Das BZÖ zeigt sich indes über die neuen Angriffe gegen Haider "zutiefst erschüttert". Die FPÖ schrecke vor nichts zurück, die Unterstellungen gegen den Kärntner Landeshauptmann gingen jetzt sogar noch einen Schritt weiter, meinte Bündnissprecher Uwe Scheuch.
Feinig aus FPÖ ausgeschlossen? Laut einem der beiden in die Causa involvierten FP-Funktionäre, Josef Feinig, ist nämlich der Privatdetektiv Dietmar Guggenbichler von sich aus an die FPÖ herangetreten, um Material über Haiders Privatleben, sowie über die Hypo-Alpe-Adria anzubieten. Dafür habe man Guggenbichler 10.000 Euro gegeben, sagte Feinig.
Wie die APA am Mittwochnachmittag aus der FPÖ-Kärnten erfahren hat, wurde Josef Feinig am 3. Juni aus der Kärntner FPÖ ausgeschlossen. Dies wurde von Feining allerdings dementiert: "Ich bin ordentlich gewähltes Mitglied in der Landesleitung, mich kann nur die Landesleitung absetzen". Nach Feinigs Darstellung war die Tatsache, dass die angebliche Bespitzelungs-Affäre überhaupt an die Öffentlichkeit gelangt ist, Ausfluss einer FP-internen Intrige: "Ich habe schon länger vor gehabt, den Herrn Klement abzuschießen, weil er gegen mich Intrigen gemacht hat, die nicht normal sind."
Guggenbichler soll an FPÖ herangetreten sein Nach Angaben Feinigs hat sich die Affäre folgendermaßen abgespielt: Guggenbichler habe der FPÖ Informationen über angebliche psychische Probleme Haiders sowie über die Hypo-Alpe-Adria und über die Landesbeteiligung an der insolventen Fluglinie Styrian Spirit angeboten. Daraufhin hätten sich er selbst und Klement mit Guggenbichler getroffen. Klement habe Guggenbichler bei dieser Gelegenheit 5.000 Euro übergeben.
Eine weitere Tranche von 5.000 Euro wurde Guggenbichler offenbar später vom Völkermarkter FP-Obmann Franz Jamnig bei einem Treffen im Klagenfurter Hotel Salzamt übergeben. Laut Jamnig stammte das Geld aus seinem privaten Vermögen. Im Zusammenhang mit Hypo und Styrian Spirit wäre "ein großer Schaden für das Land Kärnten" entstanden. "Das soll man aufdecken", so Jamnig. Von einer Bespitzelung Haiders könne aber keine Rede sein. Im übrigen habe Guggenbichler keine Unterlagen geliefert, weshalb er das Geld mittlerweile zurückgefordert habe, sagte Jamnig gegenüber der APA.

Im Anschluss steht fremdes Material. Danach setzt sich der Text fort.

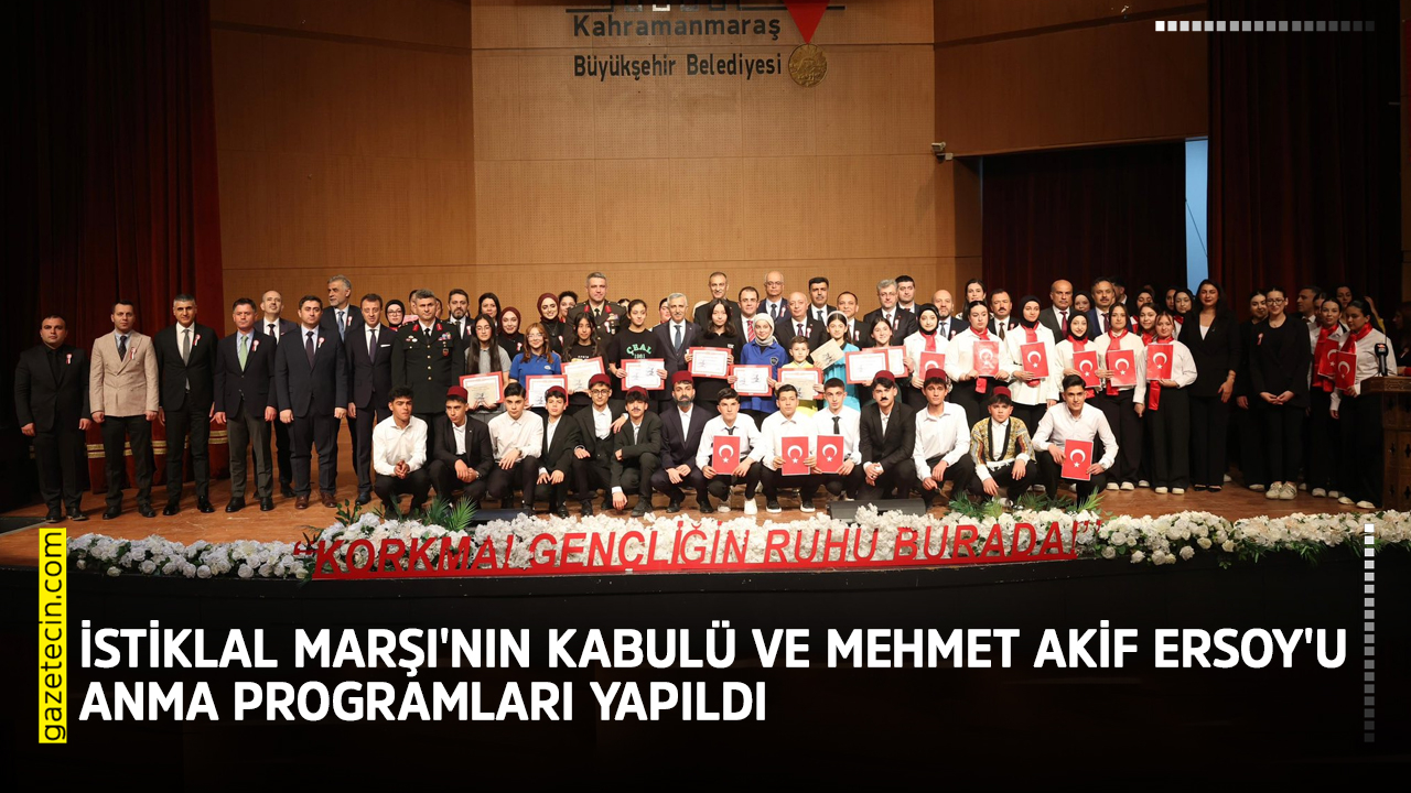 Kahramanmaraş'ta Mehmet Akif Ersoy Kültür Merkezi'nde düzenlenen program, saygı duruşunda bulunulması ve İstiklal Marşı'nın okunmasıyla başladı.

Jamnig: "Wollte etwas gegen Klement in der Hand haben" Die schriftliche "Bestätigung" der "Bespitzelung der Person LH Dr. Jörg Haider" hat Jamnig nach eigenen Angaben nicht unterschrieben. Dies bestätigt auch Feinig, der angibt, das Papier selbst verfasst zu haben: "Ich wollte das haben, damit ich etwas gegen Klement in der Hand habe." Sein Plan wäre es gewesen, kommende Woche mit den Informationen "in einem anderen Zusammenhang" an die Öffentlichkeit zu gehen.

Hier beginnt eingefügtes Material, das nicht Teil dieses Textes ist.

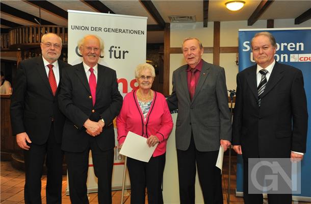 Alberdine Klinge (dritte von links) und Berhard Voshaar (zweiter von rechts) wurden für ihre langjährige Mitgliedschaft von Rainer Hajek, (links), Prof. Dr. Otto Wulff, (daneben), und Wolff-„Die Senioren-Union der CDU ist das „Sprachrohr der älteren Bevölkerung der Grafschaft“, betonte Landrat Friedrich Kethorn. Das 25-jährige Jubiläum feierten die Mitglieder der Senioren-Union am 20. Februar 2014 mit dem Bundesvorsitzenden Prof. Dr. Otto Wulff lar NORDHORN. Zum 25. Geburtstag der Grafschafter Senioren- Union der CDU konnte der Kreisvorsitzende Wolff-Rüdiger Kopper 135 aktive Mitglieder im Hotel Rammelkamp in Nordhorn emp-fangen. Die am 20. Februar 1989 gegründete Vereinigung ist mit rund 250 Mitgliedern die größte CDU-Organisation auf Kreisebene und nach der Jungen Union auch die zweitstärkste auf Bundesebene, informierte Kopper zu Beginn der Veranstaltung. Neben den Senioren war er besonders erfreut, den Kreisvorsitzenden der CDU, Reinhold Hilbers, Landrat Friedrich Kethorn, den Landesvorsitzenden Rainer Hajek und den Bundesvorsitzenden der Senioren- Union der CDU Deutschlands Professor Doktor Otto Wulff begrüßen zu dürfen. Der sich selbst als Mitsenior und bekennendes CDU Mitglied bezeichnende Landrat Kethorn teilte mit, dass von den 135 000 Menschen, die im Landkreis Grafschaft Bentheim leben, 26 000 älter als 60 Jahre sind: Mit diesen Zahlen im Hinterkopf und einem besonderen Blick auf den demografischen Wandel und einer veränderten Alterspyramide hätten die Gründer der Grafschafter Senioren- Union vor 25 Jahren frühzeitig erkannt, dass es einen Verein geben müsse, der sich um die Fragen der älteren Menschen kümmere. Das Potenzial der über 60- Jährigen dürfe nicht verschenkt werden, meinte Hilbers in seinen Grußworten: „Was damals mit 50 Menschen klein begann, ist heute mit 257 Mitglie-dern eine starke Vereinigung. Sie haben sich prächtig entwickelt und einen starken Einfluss, zum Beispiel in der Heimatgestaltung, betonte er. Weiterhin bewundert der Kreisvorsitzende und CDU Landtagsabgeordnete, dass die Senioren ein gu-tes Fundament aufgebaut hätten und aus den christlich-demokratischen Grundsätzen heraus erfolgreiche Politik machten: „Die Mitglieder der Senioren-Union sagen, was sie denken und tun, was sie sagen.“ Er appellierte an die anwesenden Senioren: „Aus dem hohen Schatz an Lebenserfahrung müsst ihr den jungen Leuten unsere Grundsätze mit auf den Weg geben.“ „Die Senioren von heute sind in einer Welt aufgewachsen, in der das Leben am Abgrund stand. Sie haben nicht gezweifelt, sondern mit angepackt“, betonte Wulff. Wenn man auf die Zukunft blicke, sollte man die Quellen kennen und sich der Verantwortung bewusst sein, was damals gewesen ist. Trotz allem erlebten Elends hätten die Senioren ein positives Denken: Kraft, Moral und Bewusstsein. In seinem Festvortrag führte er vier wichtige Aspekte auf, an denen aktiv gearbeitet und für die Lösungen gefunden werden müssten. Bekennendes Alter: „Was ist das für ein Bild, das manche abgeben, die sich nicht zum Alter bekennen?“ Die ältere Generation müsse ein Vorbild und Ansprechpartner für die Jugend sein. Respekt und Autorität könne man sich durch Erfahrung verdienen. „Wenn wir den Kindern vorleben, dass das Alter eine Leidensposition ist, wer traut sich dann noch alt zu werden?“, fragte er. Kompromisse eingehen: Für ältere Menschen stehe oft die Altersarmut am Ende eines Lebensabschnitts. Doch was passiert, wenn die jüngere Generation den Forderungen der Älteren nicht nach-komme? „Wie werden wir das lösen?“ Wulff ist sicher: Gemeinsame Politik mit den jüngeren Generationen ist der Schlüssel zur Lösung. Kinderförderung: Wulffs dritter Aspekt drehte sich um eine Förderung der Familien: „Ich gehöre zu denen, die Kinder nicht als Belastung empfinden. Kinder halten eine Familie zusammen, sind wertvoll und sollen der Sinn des Lebens sein.“ Der starke Applaus der Senioren bestätigte ihn in dieser Aus-sage. Der christliche Gedanke, der die CDU ausmache, war sein letzter Punkt. Seine Frage: Gibt es in dieser Informationsgesellschaft, wo jeder von jedem angehört werden könne, noch eine Privatsphäre? „Nach dem Christentum ist jeder frei vor Gott – er muss nur die Verantwortung für diese Freiheit tragen. Ich wünsche mir Freiheit in der Welt.“ Aus Sicht Koppers hielt der Bundesvorsitzende Otto Wulff einen „besonders leidenschaftlichen und rhetorisch unverwechselbaren“ Vortrag. Zum Ende der Veranstaltung wurden Alberdine Klinge und Bernhard Voshaar geehrt. Beide waren vor 25 Jahren bei der Gründung dabei und sind seitdem mit viel Leidenschaft in der Grafschafter Senioren-Union aktiv. „Ich danke Ihnen und hoffe, Sie werden die nächsten Jahre mit Verantwortung und Nächstenliebe gestalten“, sagte Wulff abschließend.

Offenbar sei das Papier in der Folge aber ins Büro von Landeshauptmann Haider geraten, sagt Feinig. Wie das passiert sei, wisse er nicht. Er habe das Papier lediglich Guggenbichler gezeigt und es bei einem Gang auf das WC auf dessen Schreibtisch liegen gelassen: "Guggenbichler muss die Bestätigung, während ich am Klo war, kopiert haben."
Wie die Unterschrift Jamnigs im Nachhinein auf das Papier gekommen sei, das könne er sich nicht erklären, betont Feinig. In seiner Gegenwart habe Jamnig jedenfalls nicht unterschrieben.